Run Thread Every : Sweep interval for objects to execute their collection expression of the value associated with this object.
Scan interval of the objects for the execution of their expression of value collection associated with this object.
Depending on the edition of LoriotPro minimum values are different:
LoriotPro Broadcast Edition : 40 ms
LoriotPro FREE,LITE,STANDARD,EXTENDED : 5 secondes
To change these values in the Active View menu, then select Edit Options ActiveView
In principle, we choose values with slightly lower frequency of collects than the lowest audit process running interval (object interval Global Variables).
Refer to documentation for our basic notions of inserting a new Active View in the directory, then to insert graphic objects in the display.
Configuration of graphics objects corresponding to our global variable GlobVar1.
Object is selected in the view and called "properties" by right click.
You then select Dynamic Appearance tab to configure the object.
You check the box Activate Dynamic Aspect.
It selects a collection period for this object, one second in our example.
It selects the Get Global Variable drop-down menu.
In the list, we select GlobVar1
Then we insert the rules of coloring of the object based on the value returned by the global variable and in this case the same values that the query returns on the SNMP MIB object ifOperStatus.
Immediately after, the object must turn green according to the value of the Global Variable (must be up).
We repeat the same principle of configuration variables and GlobVar2 GlobVar3.
For variable GlobVar4 we must take into account the return value (1,2,3) only.
Attention, as we read the numerical value of the variable expression syntax is slightly different
We now have a complete visual:
By disconnecting the ports or forcing variables directly in the script, it is possible to check the proper functioning of the dashboard. In the following visual, we see that the variable GlobVar3 imposes its status (red) to the variable GlobaVar4.
Adding collection process
To complete our development work, we must now add the collection processes (Audit Process).

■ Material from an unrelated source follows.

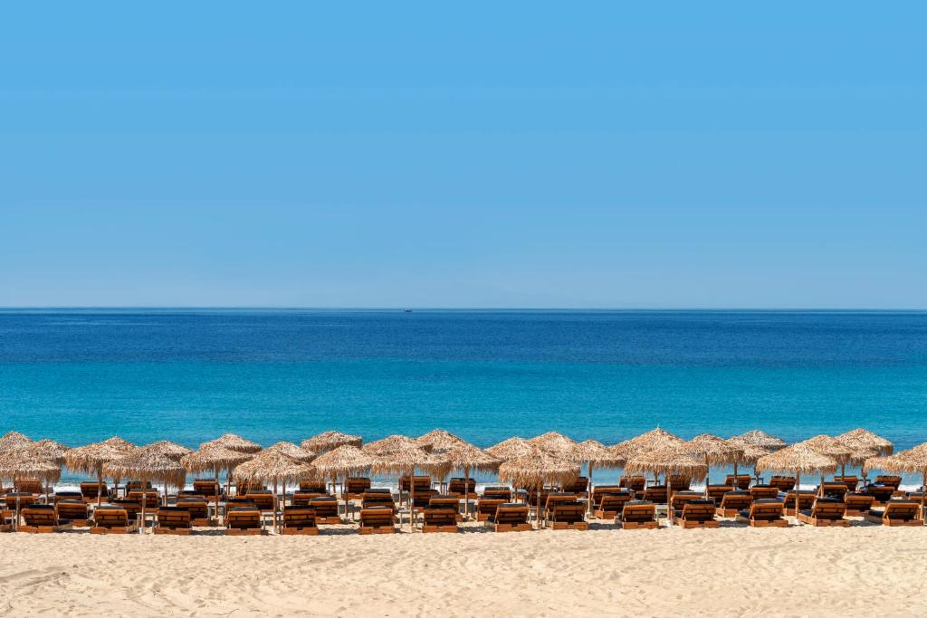The resort boasts beautifully appointed rooms and suites, each thoughtfully designed to provide the utmost in comfort and style. Guests can indulge in delectable Mediterranean cuisine at the on-site restaurant, savor refreshing cocktails at the bar, and unwind in the serene ambiance of the Aegean Sea.

It is necessary to have at least one process for gathering data to update the global variables. Then, the number of collection processes to launch in parallel, must be evaluated according to the number of collections, the execution time of each collection and the collection frequency.
A collection process simply executes the LUA script program that we created earlier, at regular intervals. The execution frequency should be lower than the lowest frequency of polling of the global variables.

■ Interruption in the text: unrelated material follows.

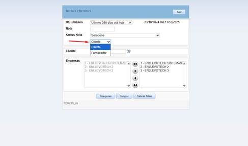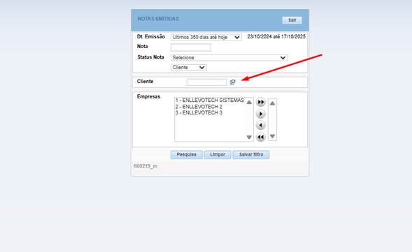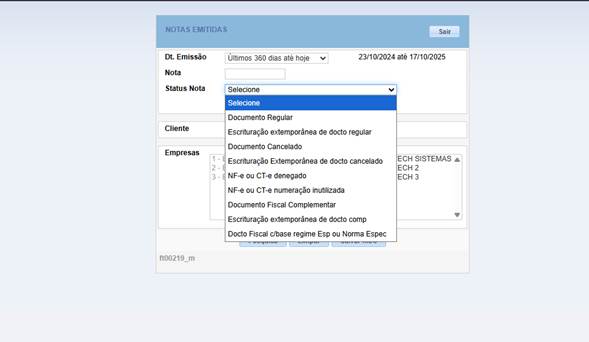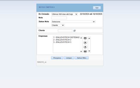 A interface do programa: NF Emitida Cli/for(código: fat00219) foi totalmente redesenhada. As funcionalidades permanecem as mesmas, alterando apenas a forma de interação com os campos e pesquisa.

To add a process (Process Audit), select the object in the directory LoriotPro, invoke the context menu (right click). Select "Insert Task" then "Advanced TCP / Audit Polling."
An alternative is to select the object LoriotPro in directory and then call the Properties otpions.

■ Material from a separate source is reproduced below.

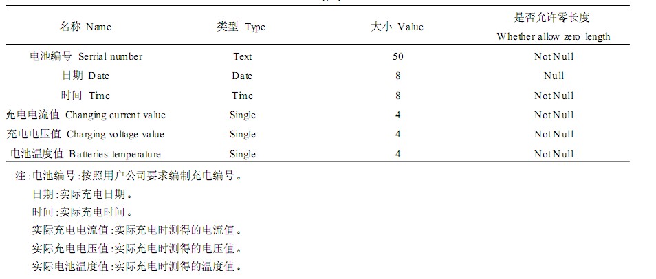本系統(tǒng)設(shè)計(jì)了三個(gè)數(shù)據(jù)庫(kù),用于標(biāo)準(zhǔn)充電曲線存儲(chǔ)、實(shí)際充電曲線存儲(chǔ)及分析結(jié)果存儲(chǔ)。使用VB6. 0提供的數(shù)據(jù)庫(kù)管理工具"可視化數(shù)據(jù)管理器"建立。其中實(shí)際充電曲線數(shù)據(jù)表如表1所示,數(shù)據(jù)庫(kù)的建立方便了對(duì)電池的查詢、分析,同時(shí)也方便了管理。

The configuration window is displayed.
Select "Process Audit" as "Polling Type".
Select the frequency of execution (1 seconds)
Make sure the checkbox "Enable Process" is checked.
In the "Process Audit", select "Audit ref" and the value 901. Or use the Wizard to select it.
In the "Parameter", enter the file name of the script program created in the previous phases.
Programs scripts are located in the directory / bin / config / script / LoriotPro
Leave by "OK", the process runs on
Several tools exist to control the functioning of collection process (process audit).
A window is dedicated to the control of the execution. It is accessible from the main menu option "Configure" option, then "Audit Process". This window also allows you to stop all active audit process.
Within the ActiveView, it is possible to have a state of all dynamic visual objects.
From the ActiveView Menu, select "Help" and then "Statistics".
The Active View of the LoriotPro management solution for the realization of Maps, synoptic, dashboard, react quickly to any status change in your network, your playout or broadcast facilities. With this powerful technical concept that the Global Variables are, hundreds of performance indicators, including SNMP, can be monitored in extremely short cycle times of a few hundred milliseconds.